Работая с Князевым на одном самолете, Громов старался убедиться — а не из тех ли он людей, кто другим-то внушает любовь к делу, а сам старается переложить свое любимое дело на чужие плечи?
Их машина летала в две смены, часов по двенадцать: то курсанты летали на ней, то летчики-инструкторы, то командиры эскадрилий — казалось, сами офицеры учились больше, чем курсанты.
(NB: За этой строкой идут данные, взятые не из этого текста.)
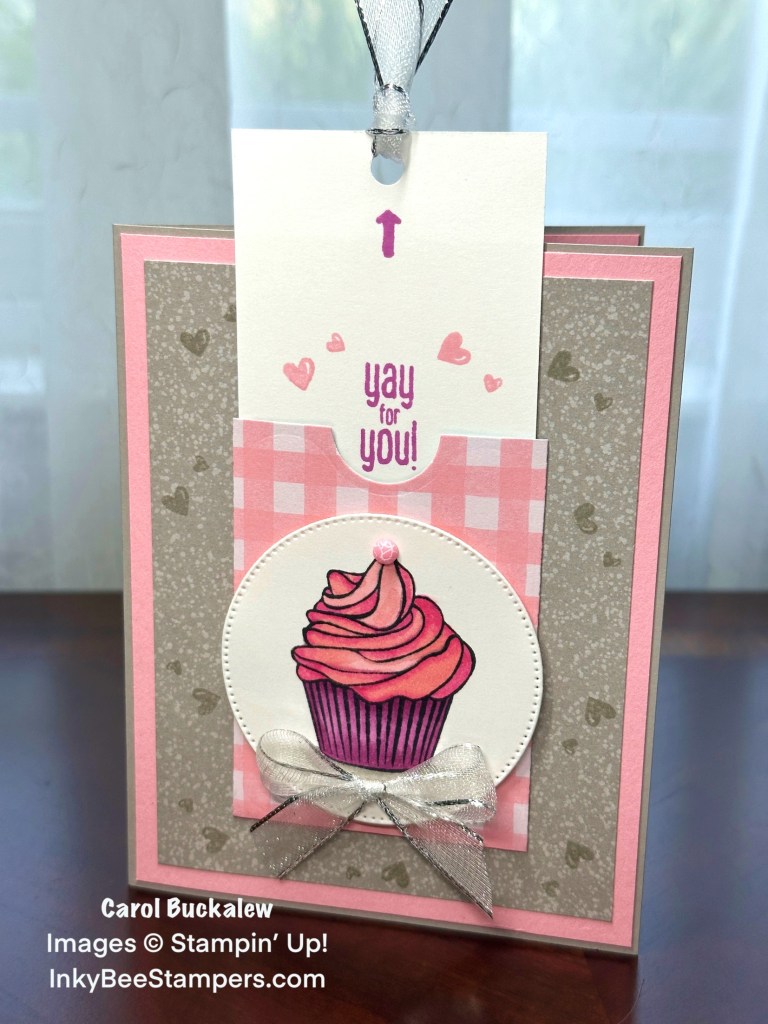 Today’s card uses the Pocket Thoughts Bundle. This bundle includes a stamp set and dies. The die set includes three dies that will cut three different sizes of pockets. Very handy when you want to create an interactive card, or a gift card holder! I went the interactive route on this card!
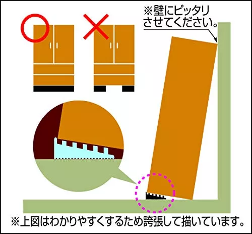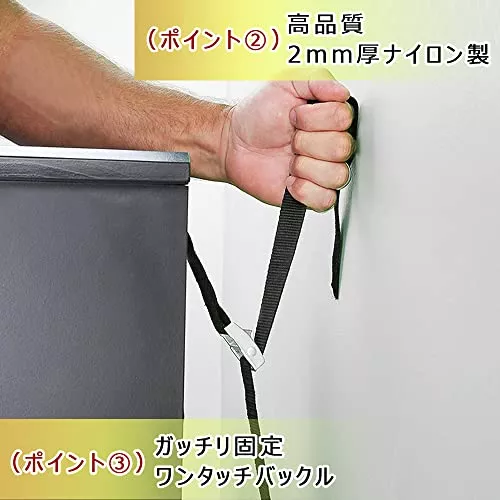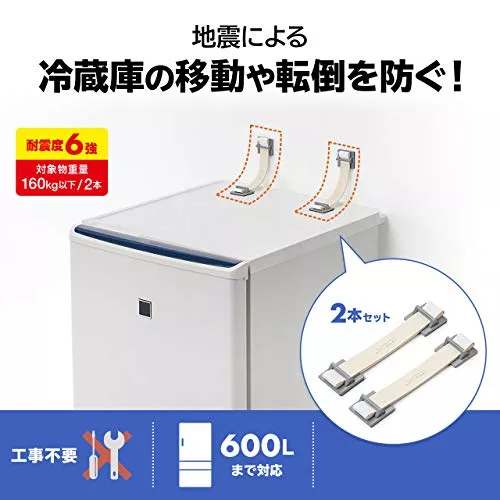 冷蔵庫を壁に固定して、冷蔵庫の転倒や移動を防いでくれる固定バンドです。取り付け方は2通りで、天板に2本設置する方法・天板に1本と側面に1本設置する方法があります。耐震度は6強で、2本使用で160kgの重量に使用可能です。
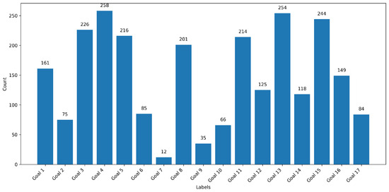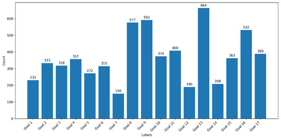 The preprocessing steps yielded 4875 unique data entries with a label distribution, depicted in Figure 4 (the total sum over all goals is different due to the presence of multi-label assignments). The average document length is 34.5 words, and the maximum length is 64 words.
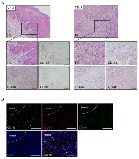 Distribution of tumor-associated macrophages (TAMs) in oral squamous cell carcinoma (OSCC). (A) Immunohistochemical staining of OSCC sections with H&E and CD163, CD204, and CD206 antibodies (brown). Scale bars: 100 μm. (B) Triple immunofluorescence staining was performed for CD163 (white), CD204 (red), and CD206 expressions (green); nuclei were stained with DAPI (blue). Scale bars: 100 μm. YK, Yamamoto–Kohama criteria.
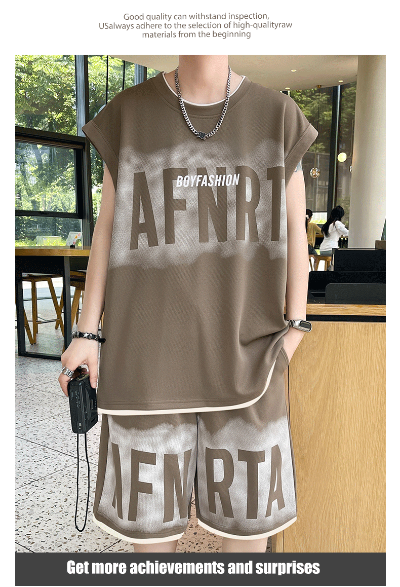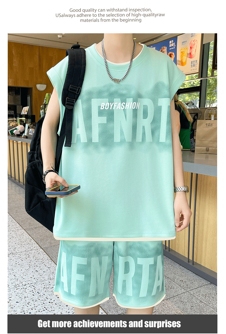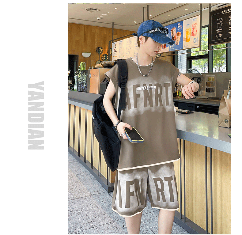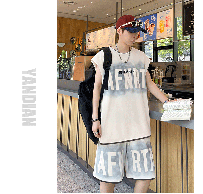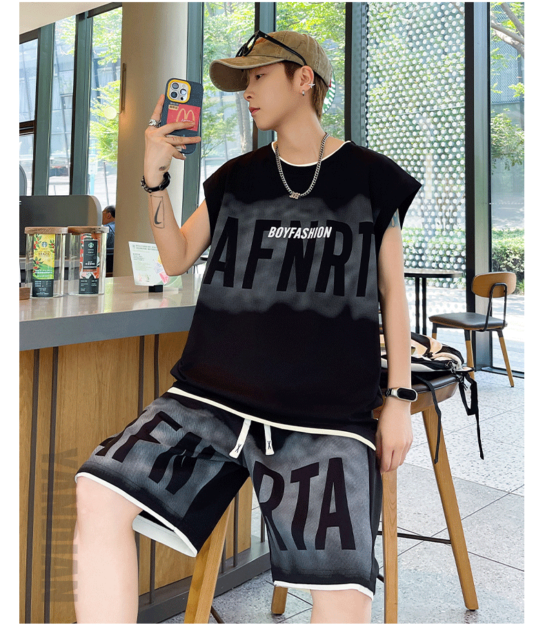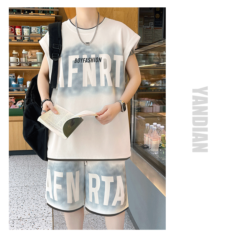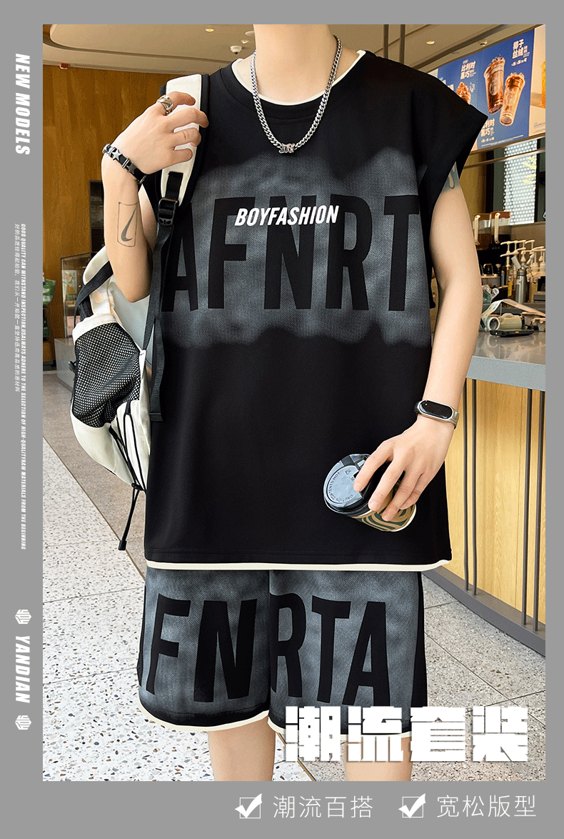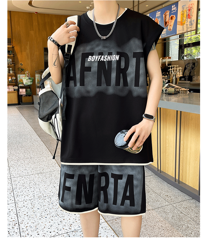 American Casual Sports Suit for Men, Summer Sleeveless T-Shirt, Vest, Trendy Brand, Large Size, Five-Point Shorts, Vest Two-Piece Set
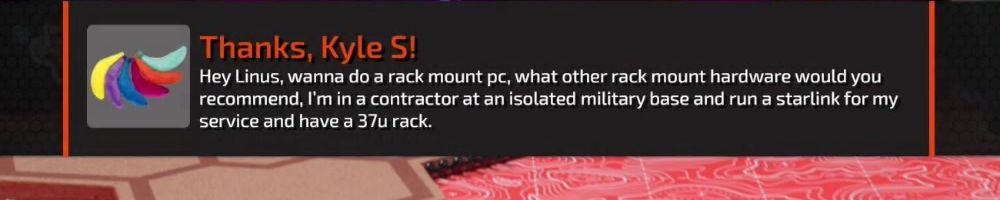 Thanks, Kyle S! Hey Linus, wanna do a rack mount pc, what other rack mount hardware would you recommend, I'm in a contractor at an isolated military base and run a starlink for my service and have a 37u rack.
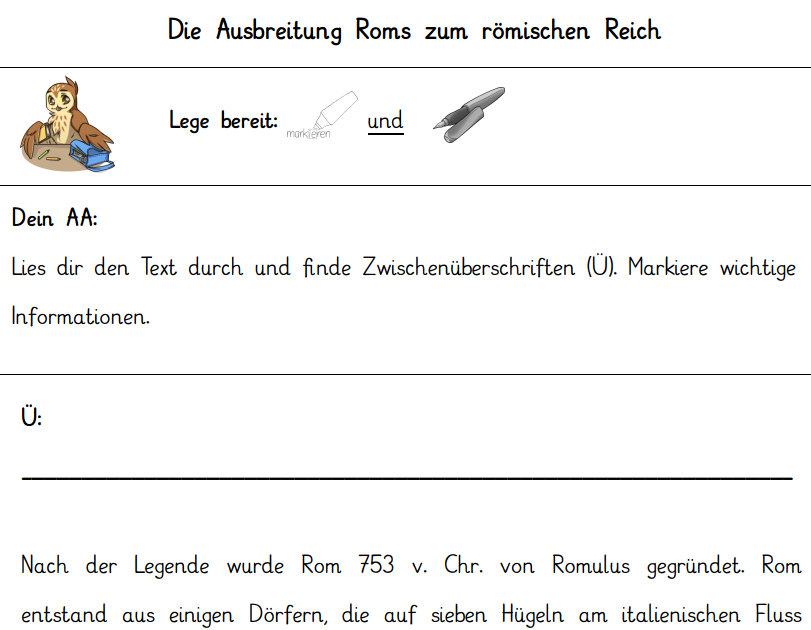 Diese Unterrichtseinheit ist ein wenig lesehaftig. Die Kinder bekommen ers einen Text zur Sage vom Romulus und Remus, in der sie erfahren, warum die S...

Князев чуть ли не бегом мчался к машине, вернувшейся из полета или приходившей на стартовый осмотр. И Громов удивлялся, как он мог на ходу обнаружить дефекты, которых не заметил он, как помощник.
Громов знал: когда на той или другой машине начинались интенсивные полеты, штат обслуживающего персонала комплектовался полностью. Князев же не просил ни положенных ему второго механика и второго моториста и даже Громова, единственного помощника, загружал слабо, все успевал делать сам. Так что в иные дни Громову ничего не оставалось делать, как «сачковать», то есть бездельничать. Но видеть, как в поте лица трудится первый механик, было и Громову неудобно.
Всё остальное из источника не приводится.